Of the entries that follow, how many lines hold the string "back"? Write the number and nothing more.
START Exercise input
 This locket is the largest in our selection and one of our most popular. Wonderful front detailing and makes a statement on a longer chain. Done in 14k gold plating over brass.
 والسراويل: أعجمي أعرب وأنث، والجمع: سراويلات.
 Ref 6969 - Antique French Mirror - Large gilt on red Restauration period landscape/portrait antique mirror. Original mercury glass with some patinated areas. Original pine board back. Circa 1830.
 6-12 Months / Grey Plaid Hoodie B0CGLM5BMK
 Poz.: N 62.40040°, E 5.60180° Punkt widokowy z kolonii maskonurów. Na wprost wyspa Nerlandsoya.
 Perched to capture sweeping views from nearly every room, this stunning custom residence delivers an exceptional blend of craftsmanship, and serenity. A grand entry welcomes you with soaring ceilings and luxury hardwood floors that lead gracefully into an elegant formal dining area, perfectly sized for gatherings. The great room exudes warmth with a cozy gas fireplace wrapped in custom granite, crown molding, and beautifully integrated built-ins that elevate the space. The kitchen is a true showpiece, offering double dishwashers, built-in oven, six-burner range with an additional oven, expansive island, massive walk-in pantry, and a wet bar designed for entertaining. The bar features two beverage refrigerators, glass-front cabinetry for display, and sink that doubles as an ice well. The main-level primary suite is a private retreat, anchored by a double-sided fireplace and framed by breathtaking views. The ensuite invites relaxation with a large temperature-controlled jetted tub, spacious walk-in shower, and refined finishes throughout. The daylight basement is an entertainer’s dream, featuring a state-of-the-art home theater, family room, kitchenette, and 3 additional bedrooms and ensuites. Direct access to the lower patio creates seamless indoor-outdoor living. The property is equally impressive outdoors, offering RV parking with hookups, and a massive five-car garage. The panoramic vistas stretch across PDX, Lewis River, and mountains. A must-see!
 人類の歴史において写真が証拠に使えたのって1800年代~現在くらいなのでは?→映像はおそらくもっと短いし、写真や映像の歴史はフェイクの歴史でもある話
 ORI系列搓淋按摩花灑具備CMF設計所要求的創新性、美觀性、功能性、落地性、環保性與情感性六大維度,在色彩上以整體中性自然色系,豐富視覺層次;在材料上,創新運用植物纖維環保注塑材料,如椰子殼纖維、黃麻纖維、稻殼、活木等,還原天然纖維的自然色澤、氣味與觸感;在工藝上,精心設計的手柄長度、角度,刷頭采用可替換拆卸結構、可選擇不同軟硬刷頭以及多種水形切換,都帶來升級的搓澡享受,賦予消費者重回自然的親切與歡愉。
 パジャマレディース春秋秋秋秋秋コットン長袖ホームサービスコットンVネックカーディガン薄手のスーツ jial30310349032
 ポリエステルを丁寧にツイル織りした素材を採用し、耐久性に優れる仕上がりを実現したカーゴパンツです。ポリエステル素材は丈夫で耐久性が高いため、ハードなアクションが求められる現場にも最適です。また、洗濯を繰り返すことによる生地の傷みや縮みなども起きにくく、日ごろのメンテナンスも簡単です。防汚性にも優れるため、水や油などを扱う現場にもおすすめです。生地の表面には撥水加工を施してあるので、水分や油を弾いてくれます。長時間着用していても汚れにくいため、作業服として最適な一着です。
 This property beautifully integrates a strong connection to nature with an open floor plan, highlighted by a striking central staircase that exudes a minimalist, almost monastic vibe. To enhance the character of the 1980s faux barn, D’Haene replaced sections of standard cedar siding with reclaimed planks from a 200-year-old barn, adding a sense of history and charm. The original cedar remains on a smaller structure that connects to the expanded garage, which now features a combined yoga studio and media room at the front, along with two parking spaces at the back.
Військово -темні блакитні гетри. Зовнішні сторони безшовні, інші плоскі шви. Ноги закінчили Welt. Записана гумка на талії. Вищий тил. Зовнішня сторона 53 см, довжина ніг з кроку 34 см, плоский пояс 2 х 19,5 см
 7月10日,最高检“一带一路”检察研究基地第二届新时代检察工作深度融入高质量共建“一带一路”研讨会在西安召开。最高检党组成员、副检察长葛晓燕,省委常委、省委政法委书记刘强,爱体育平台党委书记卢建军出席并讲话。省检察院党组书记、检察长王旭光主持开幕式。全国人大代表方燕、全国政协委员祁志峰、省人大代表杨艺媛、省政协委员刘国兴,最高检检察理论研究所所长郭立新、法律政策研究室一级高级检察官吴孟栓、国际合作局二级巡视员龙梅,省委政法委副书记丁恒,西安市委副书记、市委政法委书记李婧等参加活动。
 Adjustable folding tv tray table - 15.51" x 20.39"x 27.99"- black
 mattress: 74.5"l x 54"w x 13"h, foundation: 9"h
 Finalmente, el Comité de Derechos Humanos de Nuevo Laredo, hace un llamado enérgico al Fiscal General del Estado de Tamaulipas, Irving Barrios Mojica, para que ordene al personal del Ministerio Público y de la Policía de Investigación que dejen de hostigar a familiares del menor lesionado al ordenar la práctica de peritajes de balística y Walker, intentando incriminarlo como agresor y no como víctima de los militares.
END Exercise input
Your solution: 2